Teensy 4.1 extraneous GPIO interrupts on opposite edge?

[wygonski]

I am occaisionally seeing extraneous interrupts occurring on a GPIO pin driven by a 250 Hz pulse train.
I am using Teesyduino 1.56 in PlatformIO on a T4.1.
I have set up the GPIO pin as an input with hysteresis and pulldown:

pinMode(MAGDATA_PULSE_PIN, INPUT_PULLDOWN);

and this is my ISR:

void magdataPulseISR( void ) {
  static uint32_t lastTck =magdataPulseTimeUS;
  static uint32_t diffTck = 0;
  static bool firstTime = true;
      DEBUG_GPIO_PIN0_CLEAR;
      magdataPulseTimeUS = microsCount();
      diffTck = magdataPulseTimeUS - lastTck;
      if (!firstTime && (diffTck < 2000000)) {    // trigger on frequency >> 250 Hz
        DEBUG_GPIO_PIN0_SET;
        capturedMagdataPulseTimeUS = magdataPulseTimeUS;        
      } 
      circular_buf_put(&magDataTimeUS_queue, magdataPulseTimeUS);
      magdataPulseIntCount++; 
      firstTime = false;
      lastTck = magdataPulseTimeUS;
      asm volatile ("dsb");      
}

microsCount() is actually using the 600Hz cycle counter to avoid any issue calling micros():

uint32_t microsCount(void) {
  return ARM_DWT_CYCCNT;
  // WAS: return micros();
}

Occaisionally, maybe 3 times in 30 minutes for a 250 Hz pulse train, the ISR apparently triggers also on the falling edge in addition to the rising edge.
This is a scope capture of the unexpected behavior, where the DEBUG_GPIO_PIN0 goes high when the interrupt occurs sooner than expected. The scope is only 100MHz so it may be that I cannot see noise generating another rising edge trigger.

The slow transition time of 60 ns exceeds the datasheet stated minimum of 25 ns, and for that reason I added the hysteresis, but it did not affect the symptom.
Any help or comments would be very welcome.
Thanks!

 

[rcarr]

Your scope capture shows some coupling between Ch1 and Ch2. For example at the falling edge on Ch1, Ch2 shows a slight bump.

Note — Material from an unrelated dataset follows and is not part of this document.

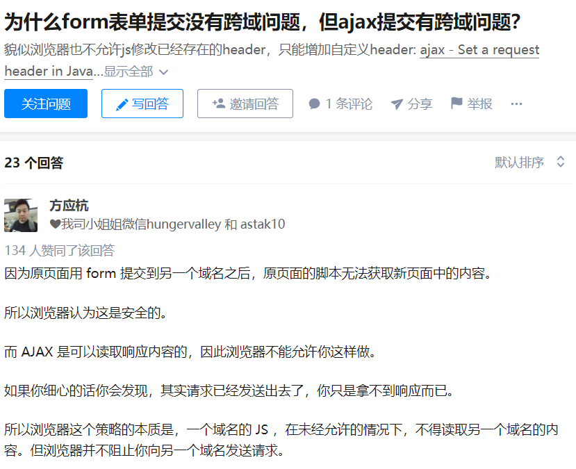 form表单最大的问题就是会刷新页面或打开新的页面,不过form表单却有一个特性即:没有跨域的问题。在上面的程序中,我们如果将form标签变为<form action="http://www.baidu.com/pay" method="get">。实际上这个请求是可以发送的。在知乎上有一个问题:为什么form表单提交没有跨域问题,但是ajax提交有跨域问题?我在这里面借用下方老师的答案 :-)

After the interrupt, the general noise on Ch1 is mirrored on Ch2. Perhaps your scope ground was too long or maybe something else is going on.

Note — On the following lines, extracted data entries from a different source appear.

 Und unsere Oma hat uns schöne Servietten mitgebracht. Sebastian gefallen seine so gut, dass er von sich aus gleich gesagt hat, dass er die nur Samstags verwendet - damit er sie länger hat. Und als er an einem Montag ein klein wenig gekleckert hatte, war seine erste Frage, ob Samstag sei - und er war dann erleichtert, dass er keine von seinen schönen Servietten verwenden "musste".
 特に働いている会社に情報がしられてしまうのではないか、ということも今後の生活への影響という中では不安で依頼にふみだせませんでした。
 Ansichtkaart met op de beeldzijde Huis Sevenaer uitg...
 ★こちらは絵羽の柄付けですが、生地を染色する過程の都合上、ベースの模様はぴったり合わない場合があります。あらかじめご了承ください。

I wonder if your circuit is on a breadboard and the ground runs are too long. Or do you have some relays or motors that could produce noise on the grounds and power rails? Ch1 shows undershoot at the interrupt event, which is strange, which makes me suspicious of the circuit grounds.

 

[wygonski]

@rcarr Thanks, I shortened the ground lead and tied it to the host PCB ground plane. No breadboard, but a 2-PCB stack with T4.1 on top. Host PCB is 4-layer with power and ground plane. There are no noise-generating circuits or high-current devices on the host PCB, only power supply and FPGA. I will create a cleaner capture and post it.

 

[wygonski]

Here is another scope screenshot with scope probe grounding improved. Interrupt signal driving source (and ground) comes from another PCB over a 18 in. flex cable to the host PCB with Teensy 4.1 stacked on top. Scope ground is on the host PCB ground plane, scope probes (10x) are on the header pins between the T4.1 and host PCB.

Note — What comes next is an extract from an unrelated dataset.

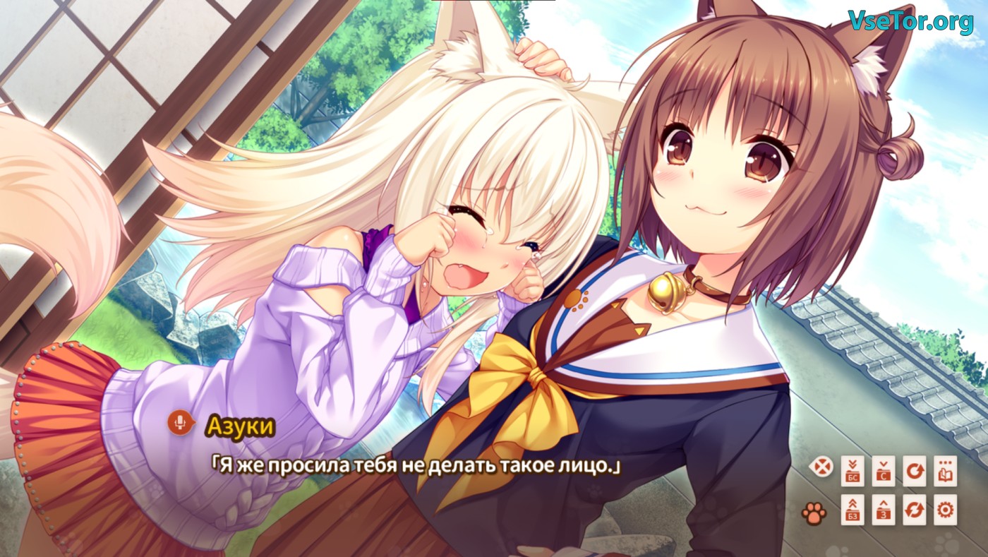 Главная фишка игры – революционная система E-mote, превращающая статичные спрайты в живых персонажей. Кошачьи ушки подрагивают от любопытства, глаза выразительно моргают, а смена эмоций происходит плавно, будто в анимации. Фоновая музыка со сладковатыми J-поп мотивами и детализированные фоны (от уютной кухни до сада с сакурой) создают атмосферу уюта. А если захочется оригинального звучания – можно включить двуязычные субтитры и сравнивать перевод с японской озвучкой.

Again my initial area of concern was the slow transition time on the top trace, which is the signal triggering the GPIO interrupt. The IMXRT1060 data sheet warned that hysteresis mode should be used for such a signal that exceeded the maximum input transition time of 25 ns (IMXRT1060 Data Sheet section 4.3.2.1 Table 25). From the plot the transition time is approx. 60 ns. Also from the data sheet, hysteresis range is 250 mV for 3V3 supply voltage. However, using hysteresis did not affect the symptom of the interrupt apparently firing on the *falling* edge with the interrupt configured for the rising edge.
Our hardware designer is looking to make circuit improvements to filter the noisy input, but I just wanted to ask the forum whether I am configuring the T4.1 GPIO properly, or if there are any other considerations. (I can "debounce" this input in firmware because we know the pulse train timing, but I wanted to confirm the source of the problem before doing so.)
Thanks!

 

[rcarr]

The scope traces look good, I now think your analysis of the issue is correct. May I ask what type of device is driving the signal / why is it slow? Are you relying on just the Teensy internal pulldown to produce the low?

 

[wygonski]

The interrupt signal is driven by a Xilinx FPGA. I presume the designer has configured the output pin as high drive and fast(er) transition, but I was not part of the design review. On the IMXRT1060 side, the input is configured with a pulldown and hysteresis in addition to the Schmitt trigger. Perhaps it is worth checking the config registers that this is done properly.